まず,TAI直後の造影超音波では86.2%(25/29)で腫瘍内部に血流の遺残を認めた.造影超音波でTAI直後,1週間後,1ヶ月後経過を追ったところ,腫瘍内部への染影範囲は大きく変化しなかった.すなわち,TAI後HCCの治療効果判定は,造影超音波ではTAI直後において行える可能性が示唆された.
次にTACE直後の造影超音波では43.8%(7/16)で腫瘍内部に血流の遺残を認めた.1週間後の造影超音波を評価できた10結節のうち6結節(60%)では,直後に比べ腫瘍内部への染影範囲の増加を認めた.TACE1週間後と1ヶ月後の造影超音波では染影範囲に大きな変化は見られなかった.すなわち,TACE後HCCの治療効果判定は,造影超音波では1週間後に行える可能性が示唆された.

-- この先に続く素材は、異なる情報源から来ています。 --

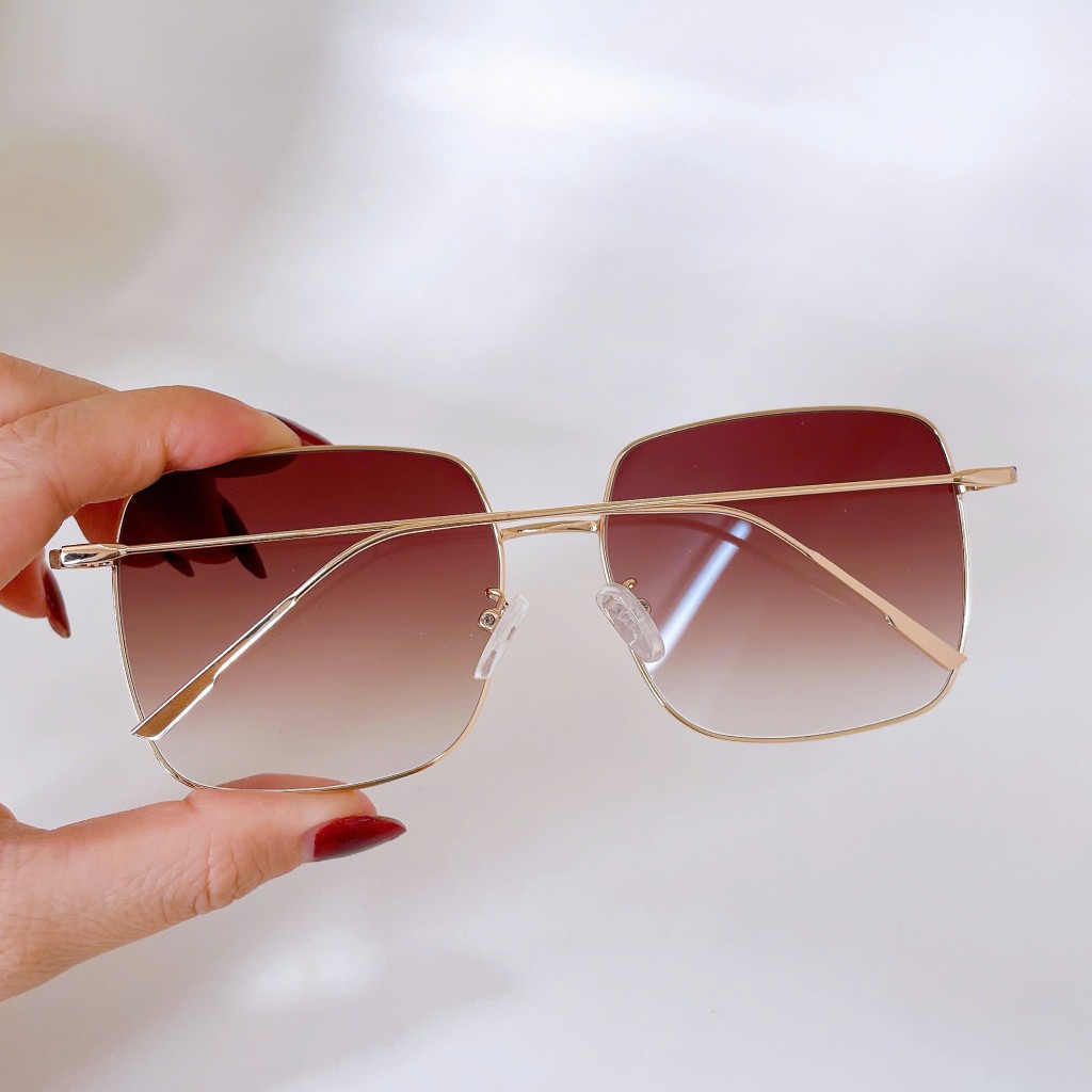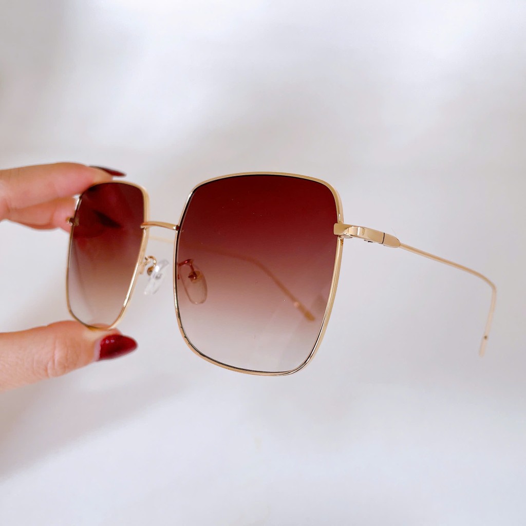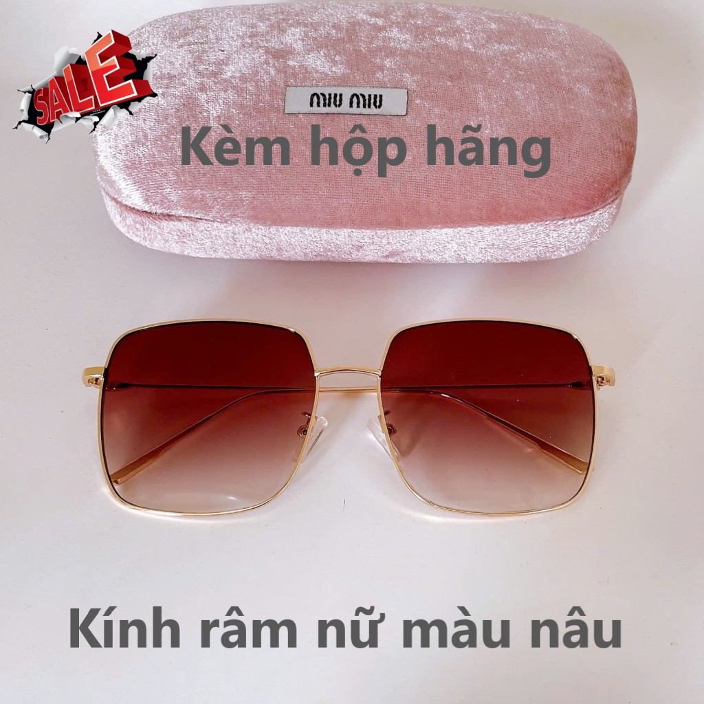 Mắt kính thời trang nữ - Kính mát nữ màu nâu vuông viền kim loại cao cấp kèm hộp

IVR後に手術を行った6結節の,造影超音波,CTでの壊死効果判定と,手術標本の病理組織による壊死範囲を比較検討した.造影超音波の効果判定と病理結果の一致率は66.7%(4/6結節),CTでの一致率は66.7%(4/6結節)で,造影超音波とCTに差は認めなかった.
局所療法,手術加療を行わなかった18結節は経過観察を行い,局所再発の有無を検討した(平均観察期間8.5ヶ月).IVR1ヶ月後のDynamic CTで遺残なしと判定した結節は5結節で,造影超音波では3結節だった.後者の3結節は以後再発を認めなかった.造影超音波で遺残ありと判定した15結節(IVR1ヶ月後のdynamic CTで遺残なしと判定した2結節を含む)は,1年以内にCTで遺残再発が確認された.
【結論】
ソナゾイド造影超音波では,IVR後の腫瘍血流の詳細な観察が可能であり,簡便に経時的な変化を捉えることができた.IVR後1週以内のCTで十分なリピオドール集積を認めていたにも関わらず,造影超音波でIVR直後より血流を認めた結節は,経過中全例CTで再発が確認された.造影超音波では,リピオドール集積の有無に関わらず血流の評価が可能であり,IVR後の効果判定に有用と考えられた.